После лекций Егор занят с тренером — впереди очередные соревнования, и они будут прорабатывать расписание тренировок, поэтому возвращаюсь в общагу одна. Голова тяжёлая, мысли крутятся вокруг Любы и её слов. Разве я что-то сделала, чтобы заслужить такое? Егор ведь сам…
Чем больше думаю, тем сильнее закрадываются сомнения. А вдруг она права? Может, всё это действительно выглядит со стороны так, будто я пытаюсь окрутить и раскрутить Горина? Или это обычная зависть?
Ещё и пониже спины зудеть начинает. Ох, не к добру! Ускоряюсь и уже почти бегу. Скорее спрятаться, скрыться за закрытой дверью комнаты, где нет кривых усмешек и презрительных взглядов.
"Ну что, добилась своего, сирооотка?.." — издевательски шепчет память.
Не добивалась, а отбивалась! И сопротивлялась! Но разве можно устоять перед собственными чувствами, когда тебя неотвратимо тянет к этому человеку, и ты жаждешь его тепла, горишь его нежностью и жадно впитываешь каждое его прикосновение?..
Подлетаю к общаге и замечаю лежащего на тротуаре бомжа.

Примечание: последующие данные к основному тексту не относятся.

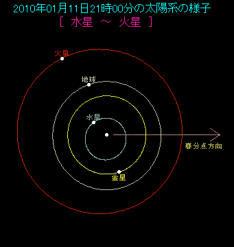 2009年後半に夜明け前の東天で明るく光り輝いて活躍していた金星ですが、1月11日に外合となって一時的に観測できなくなります。外合とは惑星が見かけ上太陽と同じ方向へやってくることで、惑星は太陽をはさんで反対側の一番遠い位置にいます。下の絵をご覧いただき、地球、金星、太陽の位置関係を見ると、おわかりいただけると思います。この日以降、金星は夜明け前の東天から日の入り後の西天へ移ります。5月16日の夕方に、月と0.5度まで大接近するなど、2010年もたくさんの見ものがありますから期待しまょう。

Взгляд цепляется за потрёпанные ботинки, и сердце неприятно сжимается. Эти ботинки я видела раньше. На нём же.
Около общаги лежит мой папаша…
Хочу быстренько проскочить, но в ту же секунду он поднимает голову. Глаза мутные, голос сиплый:
— Доченька… помоги…
Слёзы подкатывают к горлу, но я их глотаю. Какого чёрта? Я ничем ему не обязана! Ничем! Этот человек никогда не был мне отцом! Но совесть, мерзкая и назойливая, скребётся, не даёт уйти.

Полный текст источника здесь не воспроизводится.